I think of a search system doing quite a lot from sparse/lexical/hybrid search, metadata filtering, numerical ranking (recency/popularity/etc), geo, fuzzy, and whatever other indices at its core. These are building blocks for getting initial candidates.

Then you need to be able to combine all these into one result set for your users - usually with a query DSL where you can express a ranking function. Then there’s usually ancillary features that come up (highlighting, aggregations, etc).

So while S3 vectors is a fascinating primitive, I’m not sure I’d reach for it outside specific circumstances.

storus|5 months ago

Does this support hybrid search (dense + sparse embeddings)? Pure dense embeddings aren't that great for specific search, they only hit meaning reliably. Amazon's own embeddings also aren't SOTA.

danielcampos93|5 months ago

I think you would be very surprised by the number of customers who don't care if the embeddings are SOTA. For every Joe who wants to talk GraphRAG + MTEB + CMTEB and adaptive rag there are 50 who just want whatever IT/prodsec has approved

infecto|5 months ago

That’s where my mind was rolling and also if not, can this be used in OpenSearch hybrid search?

hbcondo714|5 months ago

It would be great to have the vector database run on the edge / on-device for offline-first and be privacy-focused. https://objectbox.io/ does this but i would like to see AWS and others offer this as well.

greenavocado|5 months ago

I am already using Qdrant very heavily for code dev (RAG) and I don't see that changing any time soon because its the primary choice for the tools I use and it works well

rubenvanwyk|5 months ago

I don’t think it’s either-or, this will probably become the default / go-to - if you aren’t storing your vectors in your db like Neon or Turso.

As far as I understand, Milvus is appropriate for very large scale, so will probably continue targeting enterprise.

j45|5 months ago

The cloud is someone else's computer.

If it's this sensitive, there's a lot of companies staying on the sidelines until they can compute in person, or limiting what and how they use it.

anonu|5 months ago

If you like to die in a slow and expensive way - sure.

resters|5 months ago

By hosting the vectors themselves, AWS can meta-optimize its cloud based on content characteristics. It may seem like not a major optimization, but at AWS scale it is billions of dollars per year. It also makes it easier for AWS to comply with censorship requirements.

coredog64|5 months ago

This comment appears to misunderstand the control plane/data plane distinction of AWS. AWS does have limited access to your control plane, primarily for things like enabling your TAMs to analyze your costs or getting assistance from enterprise support teams. They absolutely do not have access to your dataplane unless you specifically grant it. The primary use case for the latter is allowing writes into your storage for things like ALB access logs to S3. If you were deep in a debug session with enterprise support they might request one-off access to something large in S3, but I would be surprised if that were to happen.

barbazoo|5 months ago

> It also makes it easier for AWS to comply with censorship requirements.

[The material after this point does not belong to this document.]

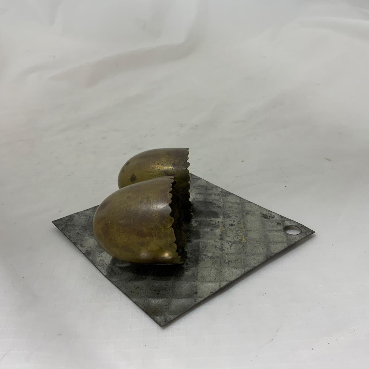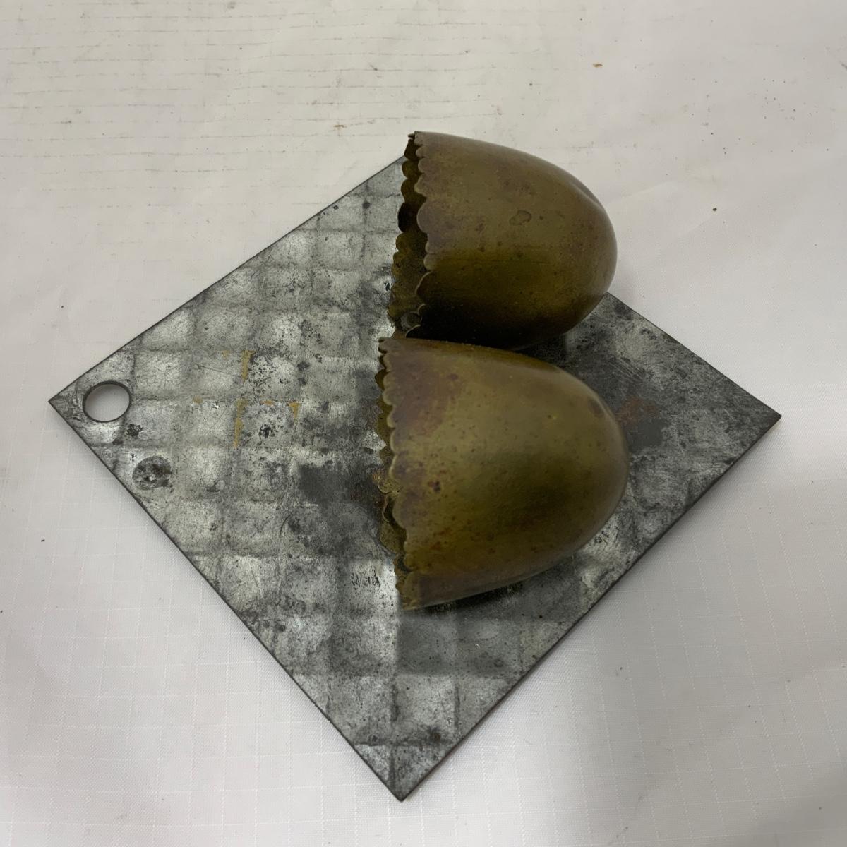 Attractive Brass Egg Match Safe set on a textured tin tile. Now that’s a tongue twister! Piece is in exceptional antique condition. Please see photos for details and condition. ::: Shipping is available on this lot. If you require shipping you must let us know at the close of the auction. We will coordinate with you after the item has been won. Shipping fees will include insurance up to or exceeding the value of all items being mailed. If you have any questions regarding this lot please contact the auctioneer either via this website, by direct email or by phone. PICK UP TIMES and other important information can be found in the TERMS and DESCRIPTION of the auction. Please take a look for pertinent information. Thanks!

Does it, how? Why would it be the vector store that would make it easier for them to censor the content? Why not censor the documents in S3 directly, or the entries in the relational database. What is different about censoring those vs a vector store?

j45|5 months ago

Also, if it's not encrypted, I'm not sure if AWS or others "synthesize" customer data by a cursory scrubbing of so called client identifying information, and then try to optimize and model for those scenarios at scale.

I do feel more and more some information in the corpus of AI models was done this way. A client's name and private identifiable information might not be in the model, but some patterns of how to do things sure seem to come up from such sources.

vincirufus|5 months ago

This could be game changing

giveita|5 months ago

Betteridge can answer No to two questions at once!

Fendy|5 months ago

what do you think?

sharemywin|5 months ago

it's annoying to me that there's not a doc store with vectors. seems like the vector dbs just store the vectors I think.